» **TASK INPUTS**:
Segment Open
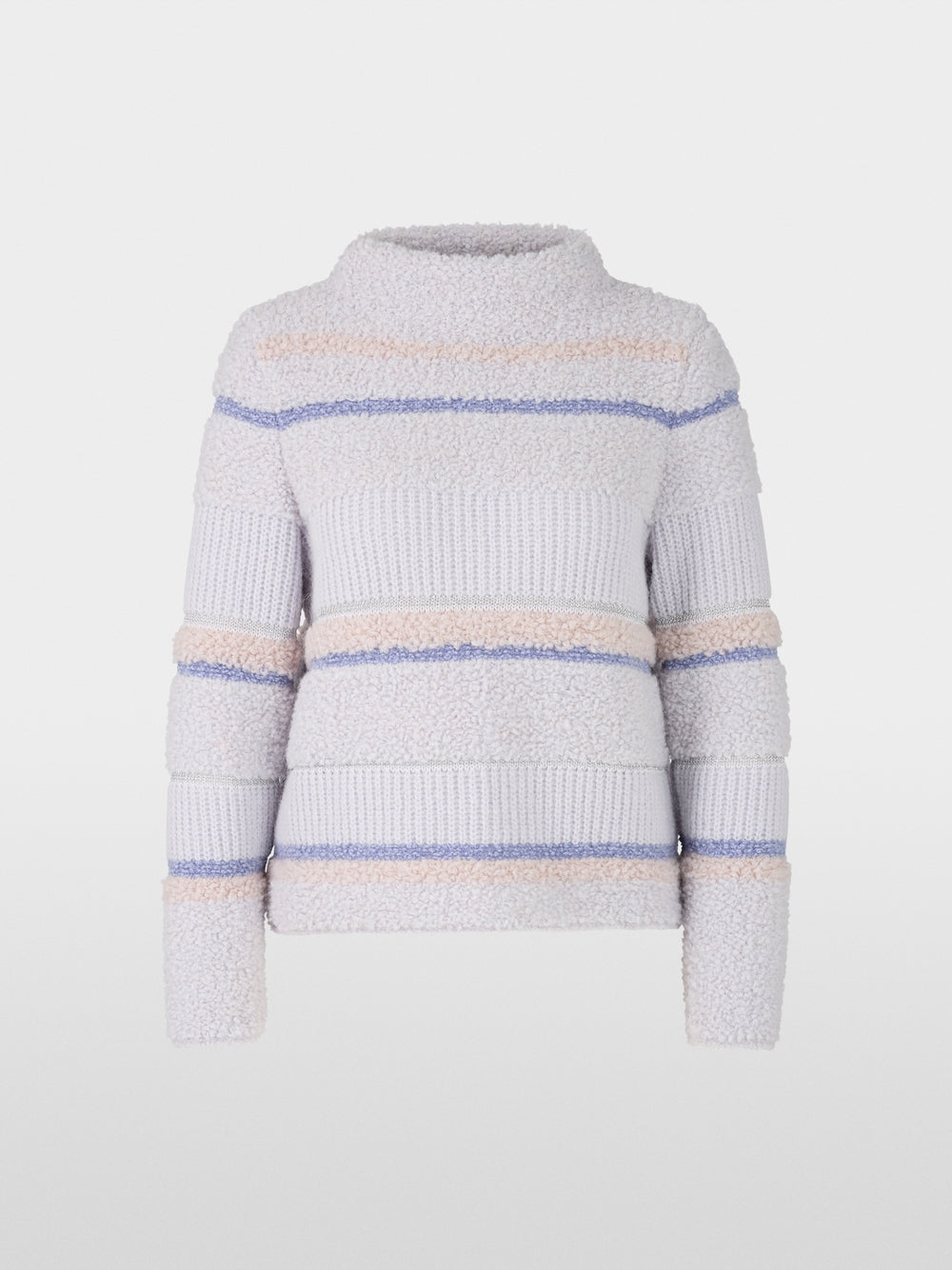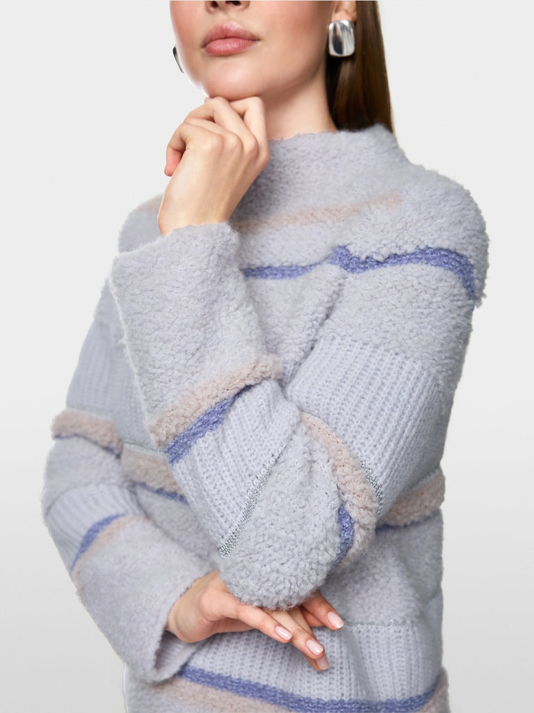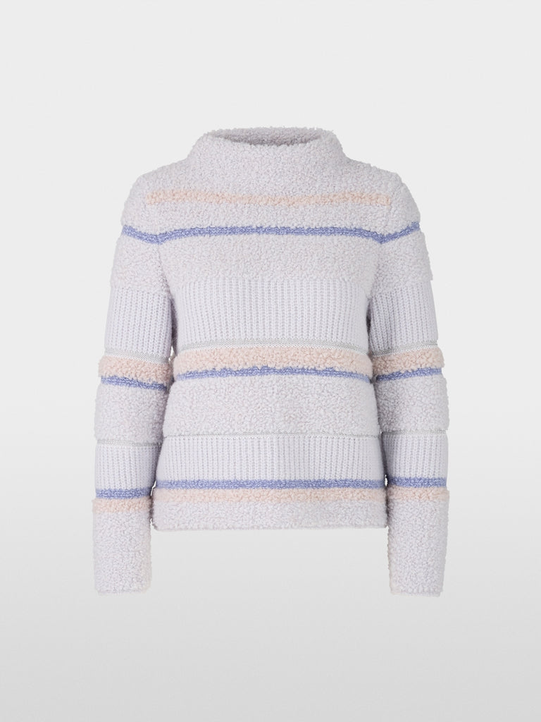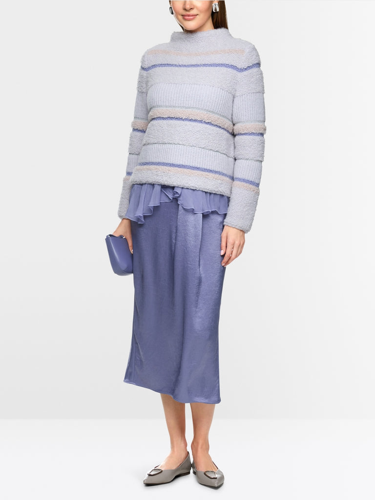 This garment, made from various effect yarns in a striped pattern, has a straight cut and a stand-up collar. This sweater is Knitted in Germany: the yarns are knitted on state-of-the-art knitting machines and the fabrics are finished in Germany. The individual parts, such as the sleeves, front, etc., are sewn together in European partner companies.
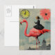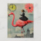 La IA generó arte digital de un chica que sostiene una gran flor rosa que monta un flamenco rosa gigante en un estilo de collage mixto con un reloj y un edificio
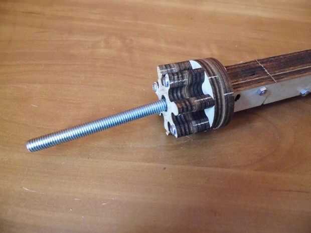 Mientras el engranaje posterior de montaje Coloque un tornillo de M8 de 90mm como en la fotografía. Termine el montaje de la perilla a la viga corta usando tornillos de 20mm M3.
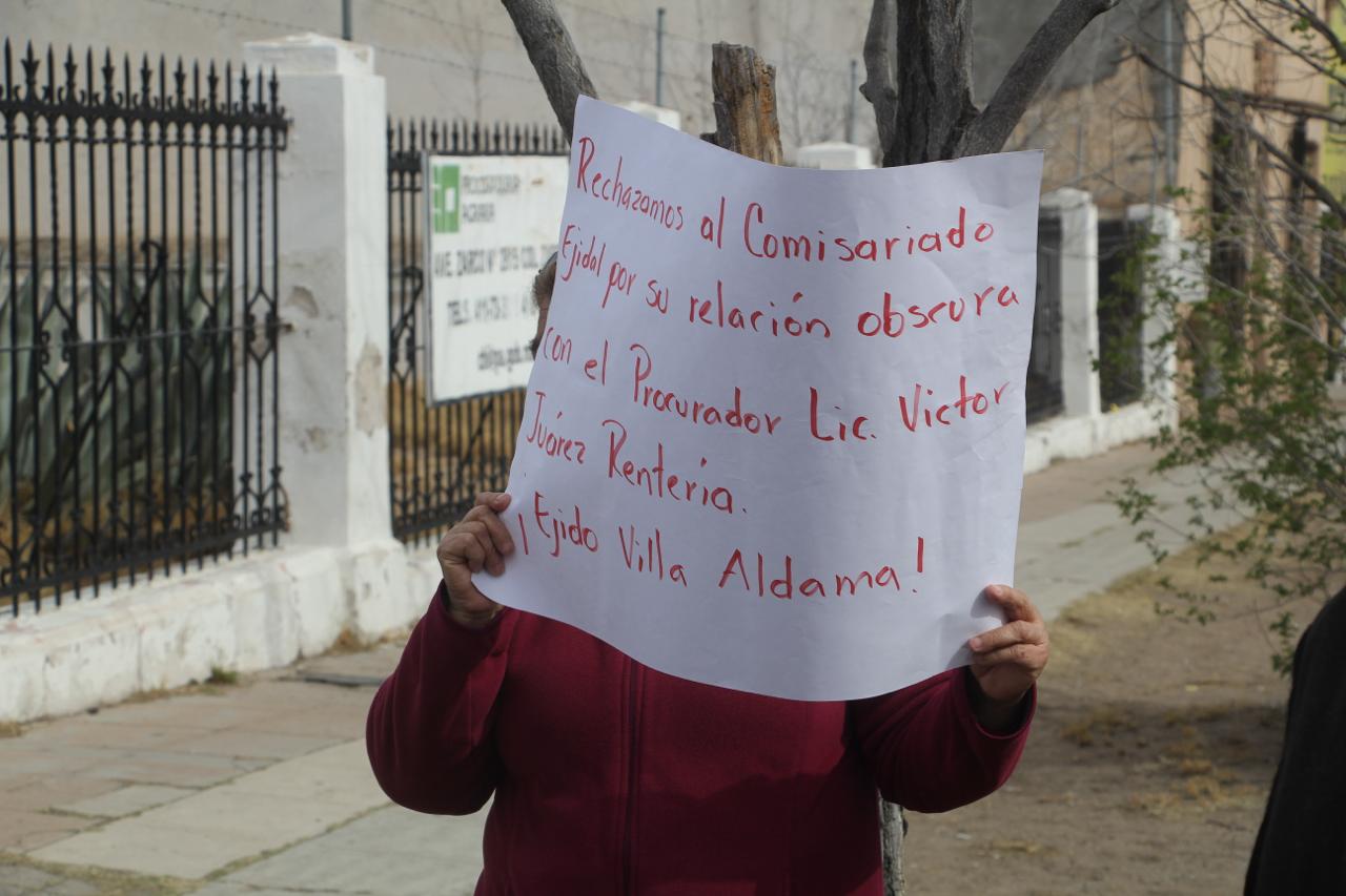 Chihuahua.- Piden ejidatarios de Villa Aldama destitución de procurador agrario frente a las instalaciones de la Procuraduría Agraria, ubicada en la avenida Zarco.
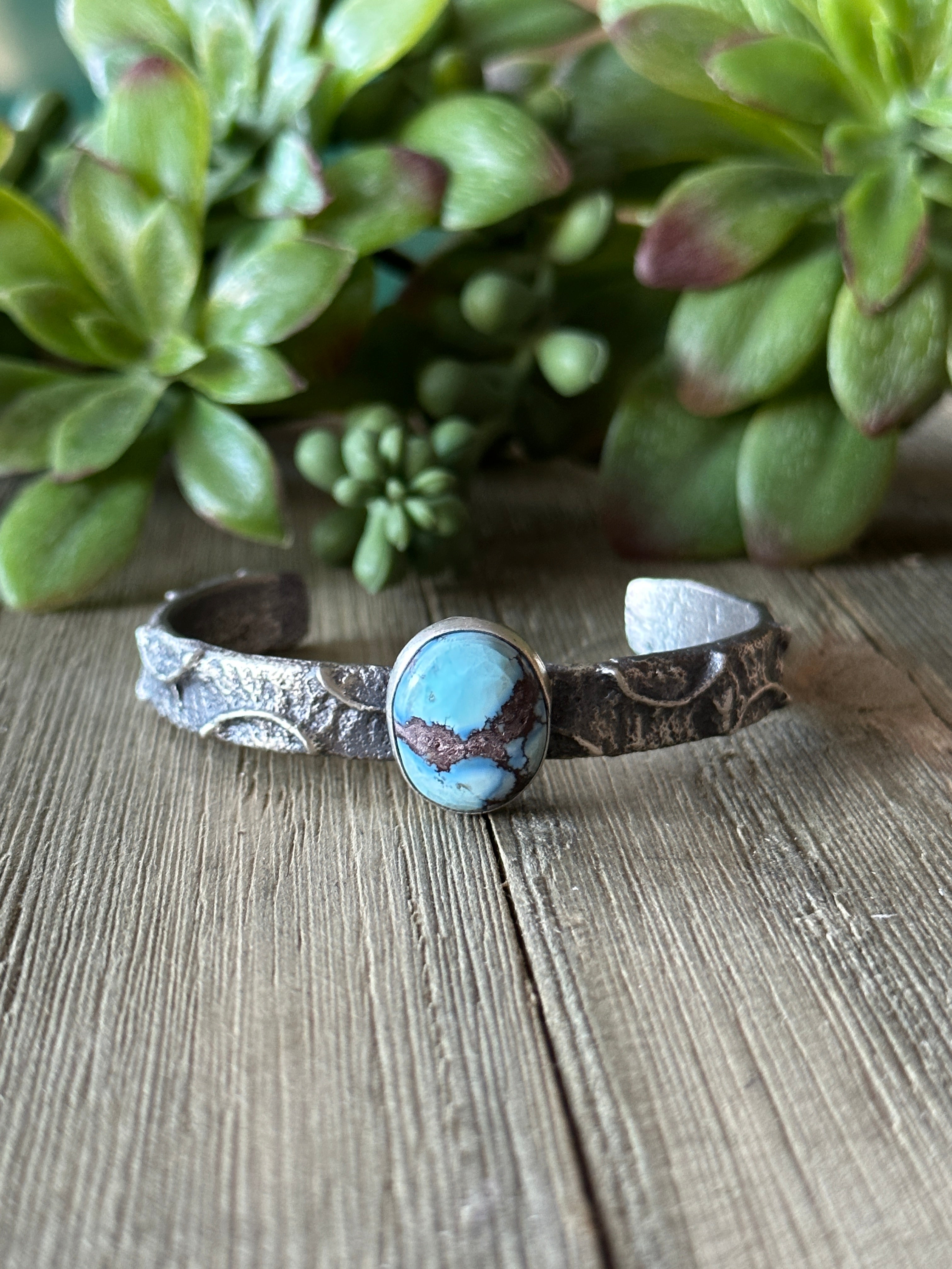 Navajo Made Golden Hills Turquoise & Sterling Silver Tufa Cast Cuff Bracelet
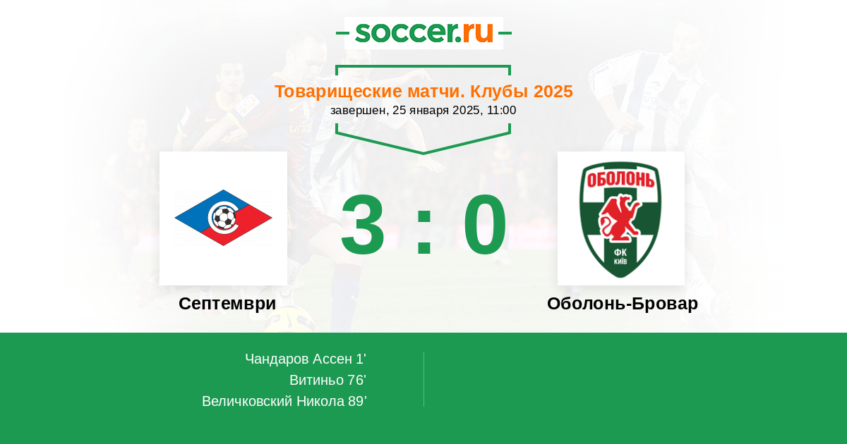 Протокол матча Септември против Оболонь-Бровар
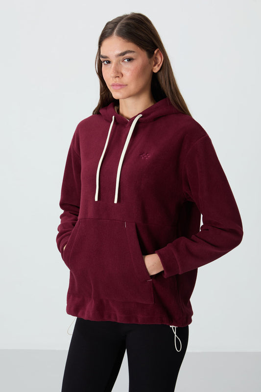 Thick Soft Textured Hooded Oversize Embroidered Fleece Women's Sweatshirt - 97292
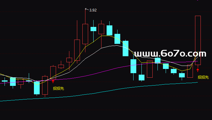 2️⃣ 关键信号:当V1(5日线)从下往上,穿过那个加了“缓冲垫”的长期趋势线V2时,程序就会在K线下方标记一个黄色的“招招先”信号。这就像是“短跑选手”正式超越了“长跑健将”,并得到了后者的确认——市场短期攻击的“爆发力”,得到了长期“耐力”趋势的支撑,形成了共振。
Segment Closed
» **YOUR TASK**: The lines to be transcribed are those from the first line of the data above through the line holding "Chihuahua.- Piden ejidatarios", inclusive; copy them exactly and only, leaving out the pictures.

» **ANSWER TO THIS PROBLEM**:
 This garment, made from various effect yarns in a striped pattern, has a straight cut and a stand-up collar. This sweater is Knitted in Germany: the yarns are knitted on state-of-the-art knitting machines and the fabrics are finished in Germany. The individual parts, such as the sleeves, front, etc., are sewn together in European partner companies.
 La IA generó arte digital de un chica que sostiene una gran flor rosa que monta un flamenco rosa gigante en un estilo de collage mixto con un reloj y un edificio
 Mientras el engranaje posterior de montaje Coloque un tornillo de M8 de 90mm como en la fotografía. Termine el montaje de la perilla a la viga corta usando tornillos de 20mm M3.
 Chihuahua.- Piden ejidatarios de Villa Aldama destitución de procurador agrario frente a las instalaciones de la Procuraduría Agraria, ubicada en la avenida Zarco.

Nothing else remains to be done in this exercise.